TASK STATEMENT:
Your answer must match, word for word, the lines from the one holding "Al abrir la" through the final line below, with pictures excluded.

(Beginning of DATASET RECORDS)

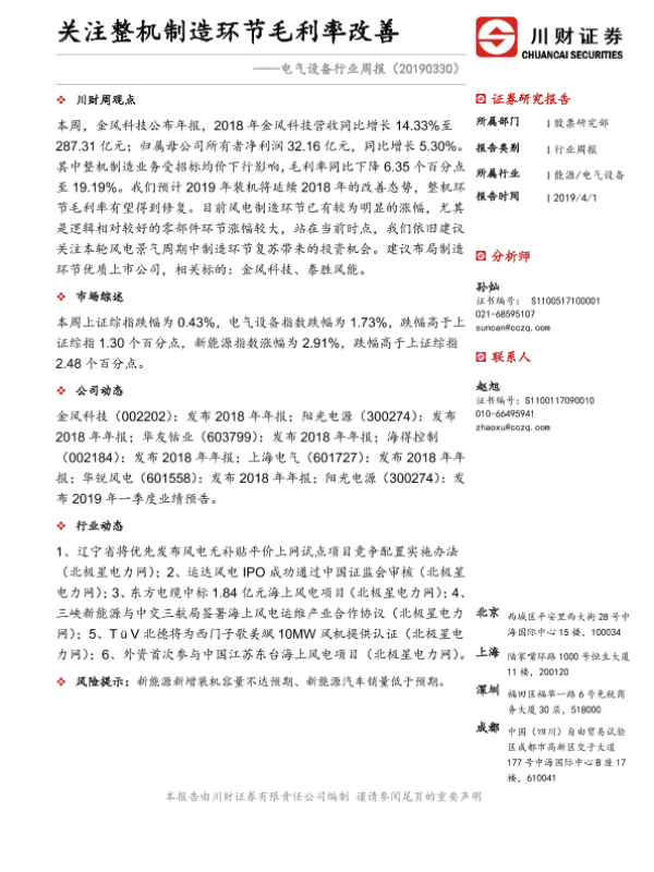 【川财证券】【20190401】电气设备行业周报:关注整机制造环节毛利率改善-10页 行业研究
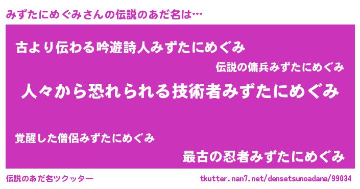 | 意味不明あだ名 | 『めかぶ科みずたにめぐみ属』 |
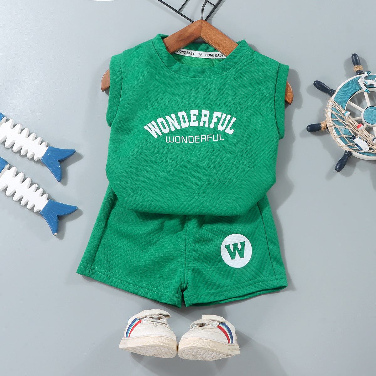 طقم صيفي بدون أكمام للأولاد مشهور على الإنترنت، ملابس أطفال عصرية جديدة بمقاسات متوسطة وكبيرة
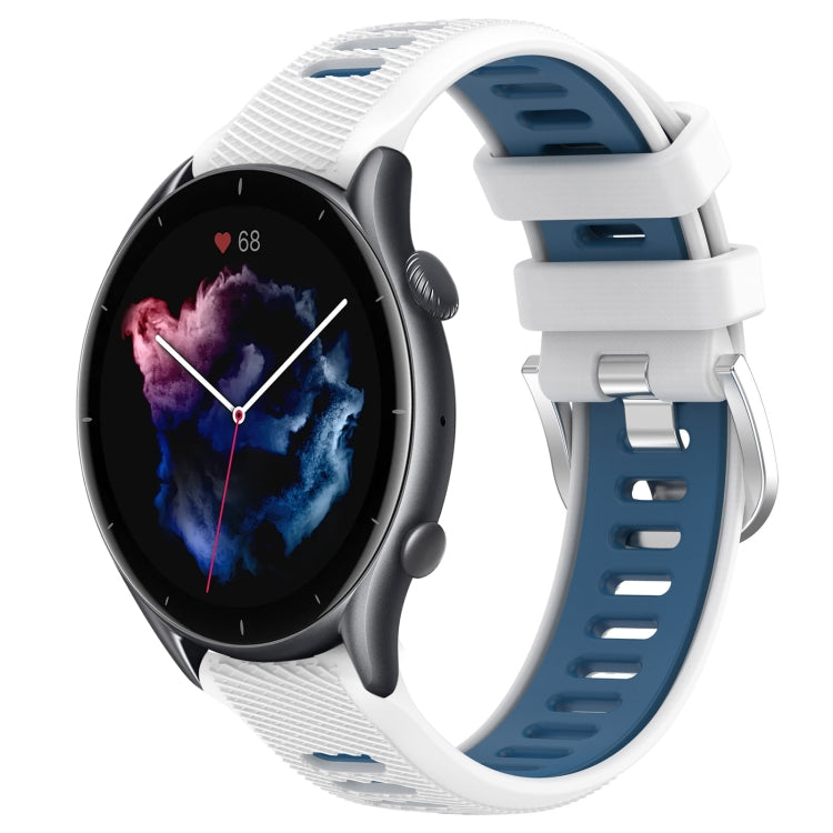 Correa de Reloj Amazfit 3 22mm silicona textura cruzada hebilla acero (Blanco + Azul)
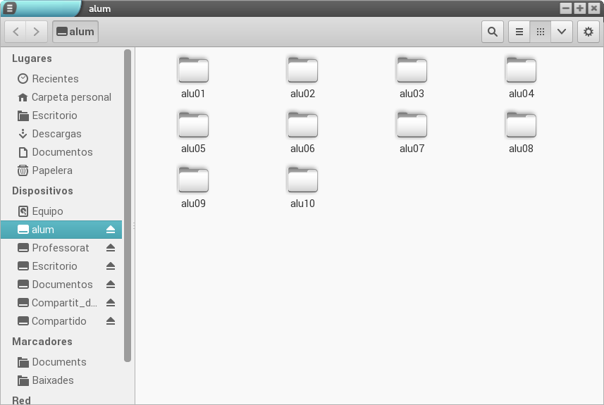 Al abrir la Carpeta personal como profesor, existirá una carpeta llamada alum que contiene acceso a todo el alumnado del sistema, es decir, tanto usuarios de ITACA/Gescen como usuarios genéricos generados desde el LLUM.
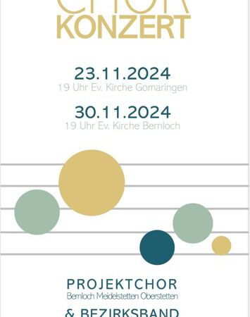 Der Projektchor Bernloch, Meidelstetten und Oberstetten kommt zusammen mit der Bezirksband Bad-Urach, Münsingen nach Gomaringen. Herzliche Einladung am 23. November um 19 Uhr in die evangelische Kirche. Der Eintritt ist frei, um Spenden wird gebeten.
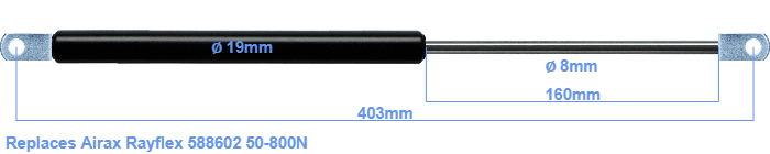 Replacement gas spring for the Airax Rayflex 588602 50-800 Newton. The eye has a thickness of 10mm and a hole diameter of 8.1mm. Brand: HAHN, a Stabilus company.

(End of DATASET RECORDS)

WRITTEN REPLY:
 Al abrir la Carpeta personal como profesor, existirá una carpeta llamada alum que contiene acceso a todo el alumnado del sistema, es decir, tanto usuarios de ITACA/Gescen como usuarios genéricos generados desde el LLUM.
 Der Projektchor Bernloch, Meidelstetten und Oberstetten kommt zusammen mit der Bezirksband Bad-Urach, Münsingen nach Gomaringen. Herzliche Einladung am 23. November um 19 Uhr in die evangelische Kirche. Der Eintritt ist frei, um Spenden wird gebeten.
 Replacement gas spring for the Airax Rayflex 588602 50-800 Newton. The eye has a thickness of 10mm and a hole diameter of 8.1mm. Brand: HAHN, a Stabilus company.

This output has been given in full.